Differentiation is the process of finding a derivative. ### In practice, linear

We know a linear function will give us a constant derivative, so lets start there.

Our linear function: $ f(x) = 3x + 2 $

Substitute in:

\[ f'(x) = lim_{\Delta x \to 0} \left(\frac{3(x + \Delta x) +2 - (3x + 2)}{\Delta x}\right)\]

Do some algebra;

• start by expanding the brackets

\[ lim_{\Delta x \to 0} \left(\frac{3x + 3\Delta x +2 - 3x - 2}{\Delta x}\right)\]

\(3x\) and \(-3x\) cancel each other out, as do the \(2\) and \(-2\)

\[ lim_{\Delta x \to 0} \left(\frac{3\Delta x}{\Delta x}\right)\]

The \(\Delta x\) themselves cancel out, so we end up with a limit of 3;

\[ lim_{\Delta x \to 0} (3)\]

Because all the \(\Delta x\) terms have been removed (solved for), the limit expression has no effect, so we can just ignore it.

The gradient of our linear function is a constant.

We know that gradient of a linear function \(ax + b\) is just \(a\) and now we see why.

The sum rule

In the example above, we differentiated \(3x\) and \(+2\) as the same time. We could do this things separately and then added the results.

This interchangeability of the approach is called The Sum Rule

\[ \frac{d}{dx} \left(f(x) + g(x)\right) = \frac{df(x)}{dx} + \frac{dg(x)}{dx} \]

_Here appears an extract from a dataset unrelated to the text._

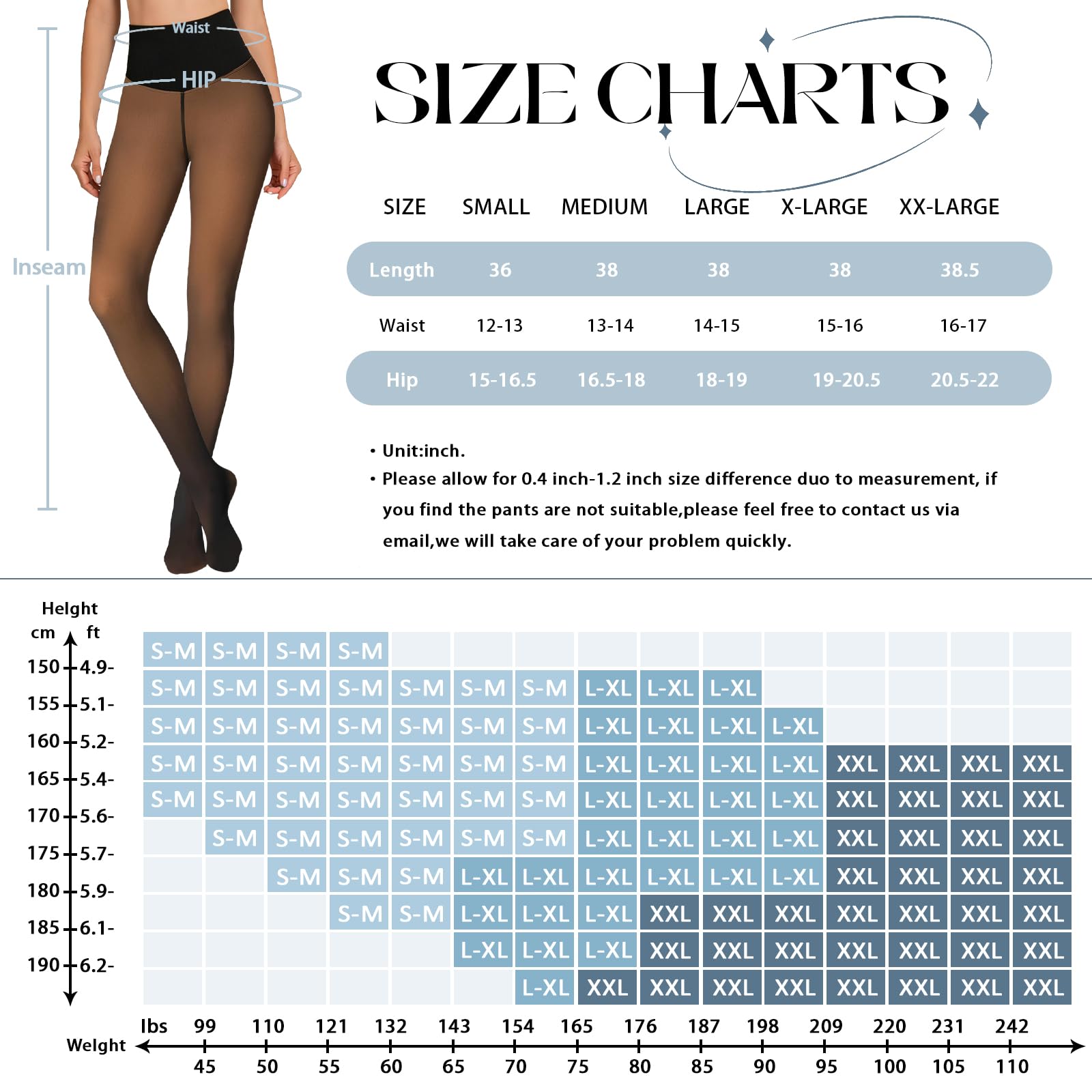 【Size】: Fake Translucent Women Tights has four sizes of S, M, L and XL,XXL. which can fit different sizes and body types.And You can refer to the actual size of the size chart on the left to choose the right size. Sheer tights are suitable for women of all sizes.

Remember \(\frac{df(x)}{dx}\) is \(\Delta x\)

In practice, non-linear

Take the function \(f(x) = 5x^2\)

Note Remember the square of a sum

\[ (x + \Delta x)^2 = x^2 + 2x\Delta x + (\Delta x)^2\]

Substitute in:

\[ lim_{\Delta x \to 0} \left(\frac{5(x + \Delta x)^2 - (5x^2)}{\Delta x}\right)\]

Becomes

\[ lim_{\Delta x \to 0} \left(\frac{5x^2 + 10x\Delta x + 5\Delta x^2 - 5x^2}{\Delta x}\right)\]

• \(5x^2\) and \(-5x^2\) cancel out
• remove a \(\Delta x\) from both top terms

\[ lim_{\Delta x \to 0} \left(10x + 5\Delta x\right)\]

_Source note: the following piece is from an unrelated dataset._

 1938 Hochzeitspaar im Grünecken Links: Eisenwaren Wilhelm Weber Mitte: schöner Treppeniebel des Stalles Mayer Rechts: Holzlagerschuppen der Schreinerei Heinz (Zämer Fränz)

Because \(\Delta x\) is going to become infinitesimally small, i.e. going to 0, we can forget about it, so we get \(10x\)

\[ f'(x) = lim_{\Delta x \to 0} (10x) \]

__The derivative of the function \(5x^2\) is \(10x\)

The power rule

The power rule allows us to differentiate polynomials quickly

If \(f(x) = ax^b\)

Then \(f'(x) = abx^{b-1}\)

In our example above, \((5*2)^1 = 10\)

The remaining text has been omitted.